Increase in library size differences with CSS normalization

Question

Increase in library size differences with CSS normalization

Opened this issue 6 years ago · 1 comments

For some of my projects, I find that CSS normalization decreases the variance in library size compared to raw sequencing depth. I am assuming this is one of the objectives of CSS normalization.

In other microbiome projects, I find that CSS normalization increases the variance in library size. Or in other words, dividing the the sum of OTU counts for the highest coverage sample by the sum of the OTU counts for the lowest coverage sample can be greater after CSS normalization compared to raw library sizes.

According to a study by Weiss et al. 2017 (Normalization and microbial differential abundance strategies depend upon data characteristics in Microbiome) having library sizes with large differences (>10X) rarefying lowers the false discovery rate.

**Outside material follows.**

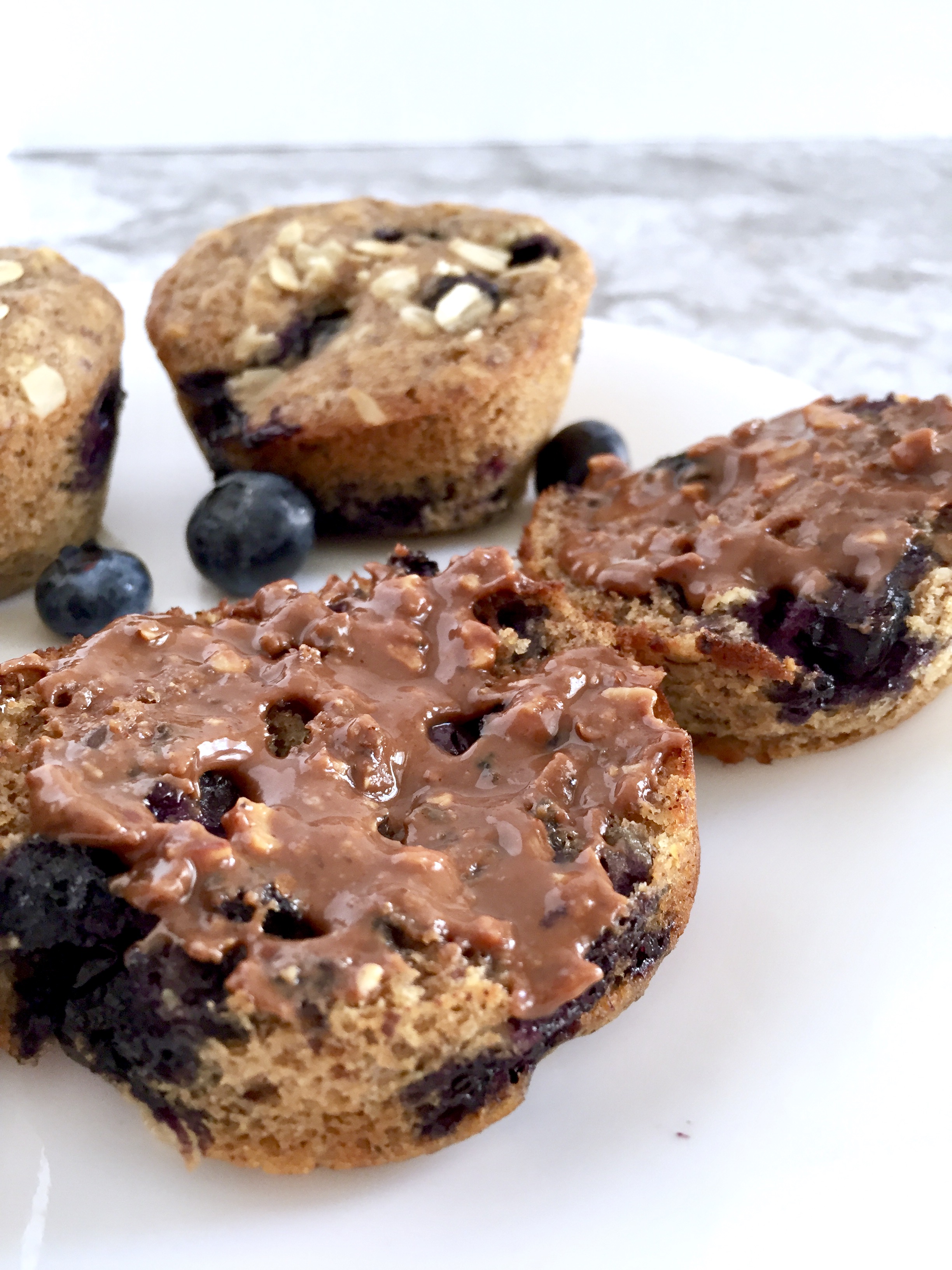 These muffins are wonderful as they are, but my favorite way to enjoy them is toasted then slathered with nut butter (like Wild Friends Chocolate Almond Butter, one of my new obsessions). Just slice your muffin, toast in the toaster oven a couple minutes, dollop on some chocolate almond butter and watch it get all melty and irresistible… OMG the soft inside + toasty exterior + drippy chocolate nut love + blueberry muffin aroma will change your life.
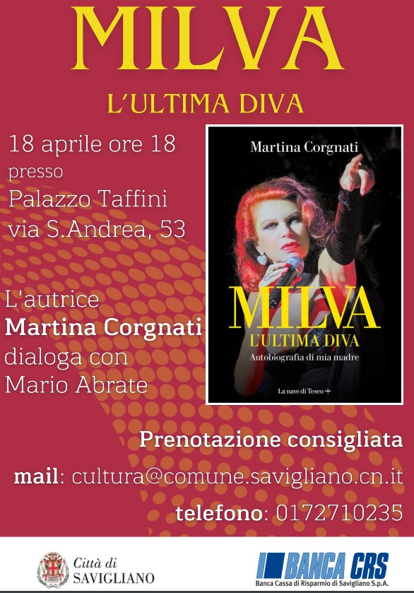 Il ricordo della “Pantera di Goro” sta per rivivere a Savigliano: giovedì 18 aprile, alle 18, presso palazzo Taffini, si presenta “Milva, l’ultima diva – Autobiografia di mia madre”. Interverrà l’autrice, Martina Corgnati (figlia della cantante), che dialogherà con Mario Abrate.

For instance, in one microbiome study library size difference was 17X for raw reads, and increased to 53X with CSS-normalization. Would you expect that may occur, and is it ok to proceed with the CSS-normalization? Or is this an indication of some problem?

In all of my microbiome datasets (n = 4). p <- cumNormStatFast(MGS) has always returned 'using the default value'

Any comment would be greatly appreciated.

Answer 1 · 2019-02-04T17:14:59.000Z

Hi @hcorrada @jnpaulson, any insight on the question above. Thank you.